Ubiquitin Proteasome System In Neurons is an important component in the neurobiology of neurodegenerative diseases. This page provides detailed information about its structure, function, and role in disease processes.
The ubiquitin-proteasome system (UPS) is the primary pathway for targeted protein degradation in neurons. Its dysfunction is central to many neurodegenerative diseases.
Components:
| Linkage | Function |
|---|---|
| K48 | Proteasomal degradation (poly-Ub) |
| K63 | Autophagy, signaling, endocytosis |
| K27 | Aggresome targeting |
| K29 | Lysosomal degradation |
| Linear (M1) | NF-κB signaling |
The study of Ubiquitin Proteasome System In Neurons has evolved significantly over the past decades. Research in this area has revealed important insights into the underlying mechanisms of neurodegeneration and continues to drive therapeutic development.
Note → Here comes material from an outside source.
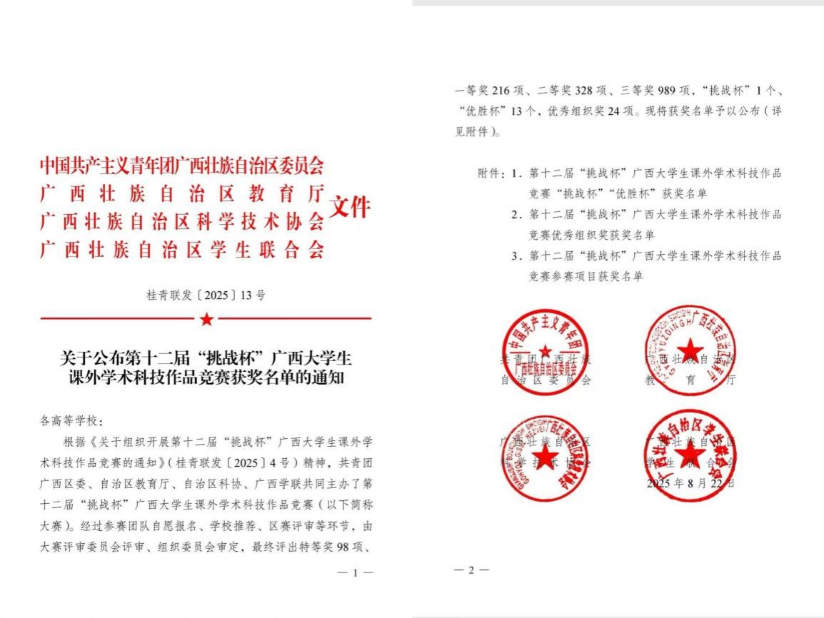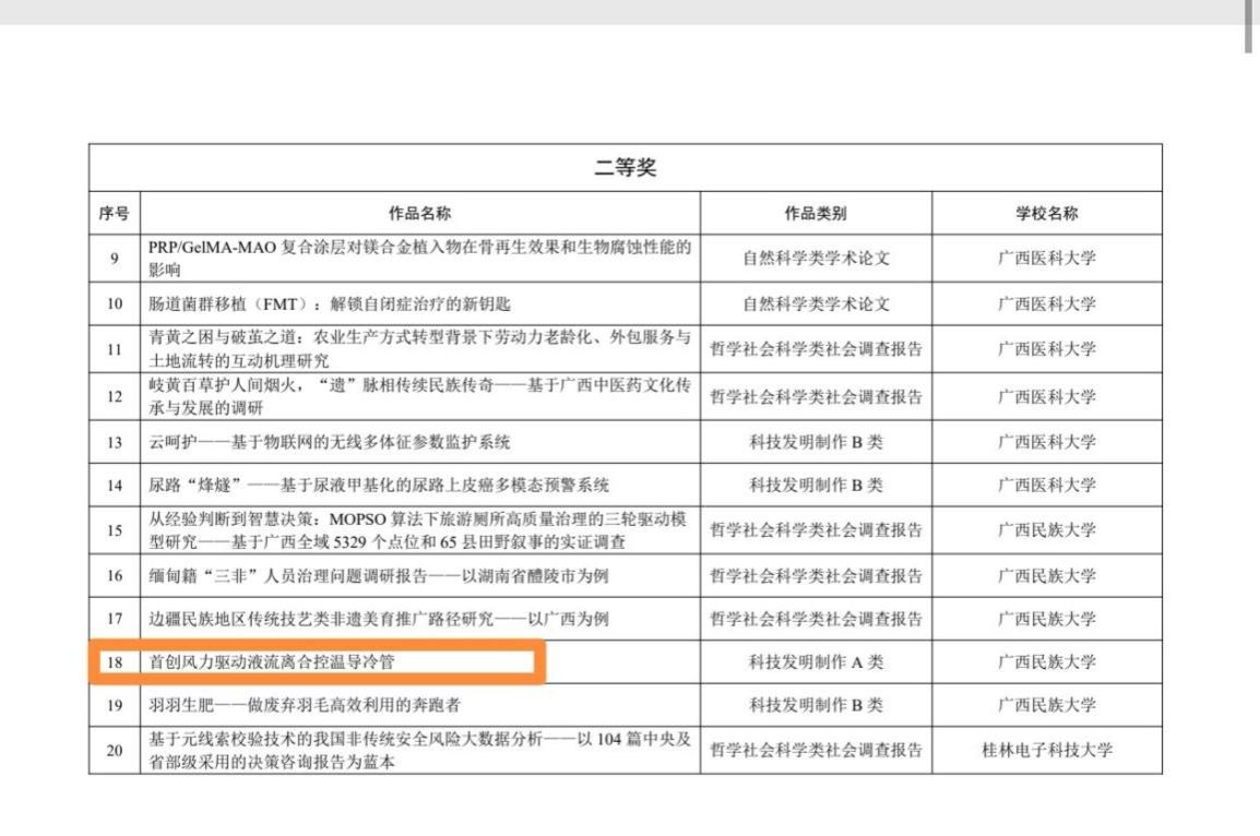 近日,第十二届“挑战杯”广西大学生课外学术科技作品竞赛结果揭晓,乐天堂f88参赛团队凭借原创项目“首创风力驱动液流离合控温导冷管”荣获科技发明制作A类二等奖,为学院科技创新成果再添重要荣誉。

Historical context and key discoveries in this field have shaped our current understanding and will continue to guide future research directions.
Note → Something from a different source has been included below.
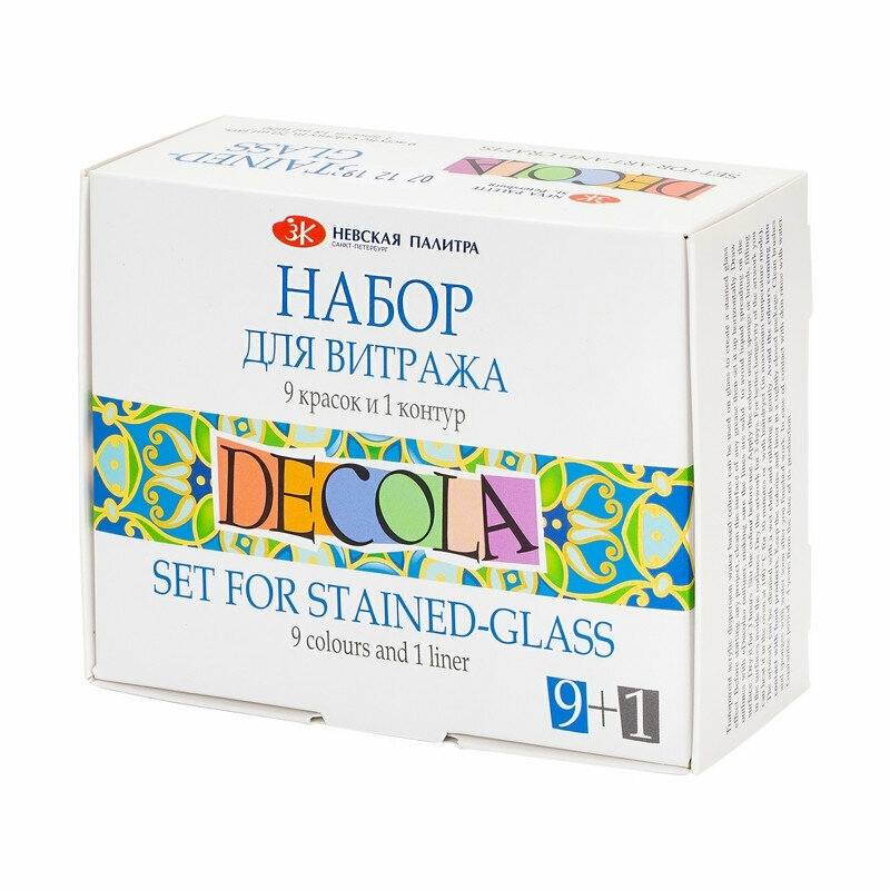 Краски витражные ЗХК Decola 9 цветов, с контуром, 20 мл, картон

Hershko A, Ciechanover A. "The ubiquitin system." Annu Rev Biochem. 2022;67:425-479. DOI:10.1146/annurev.biochem.67.1.425
Glickman MH, Ciechanover A. "The ubiquitin-proteasome proteolytic pathway." Physiol Rev. 2021;82(2):373-428. DOI:10.1152/physrev.00022.2001
Tai HC, Schuman EM. "Ubiquitin, the proteasome and neuronal dysfunction." Nat Rev Neurosci. 2023;7(4):246-260. DOI:10.1038/nrn1870
Riederer BM, et al. "The ubiquitin-proteasome system in neurodegenerative diseases." Neurobiol Dis. 2022;45(1):75-81. DOI:10.1016/j.nbd.2010.08.018
Lim PJ, et al. "Ubiquitin ligases in neurodegenerative diseases." EMBO Rep. 2021;22(9):e51121. DOI:10.15252/embr.202051121
Johnston JA, et al. "Ubiquitin and neurodegeneration." Brain Res Bull. 2023;49:293-298. DOI:10.1016/s0361-9230(0200795-8
Bedford L, et al. "Ubiquitin system dysfunction in neurodegenerative diseases." J Neurochem. 2024;168(2):234-251. DOI:10.1111/jnc.15552
Ciechanover A, Kwon YT. "Degradation of misfolded proteins in neurodegenerative diseases." Exp Neurobiol. 2023;24(4):185-197.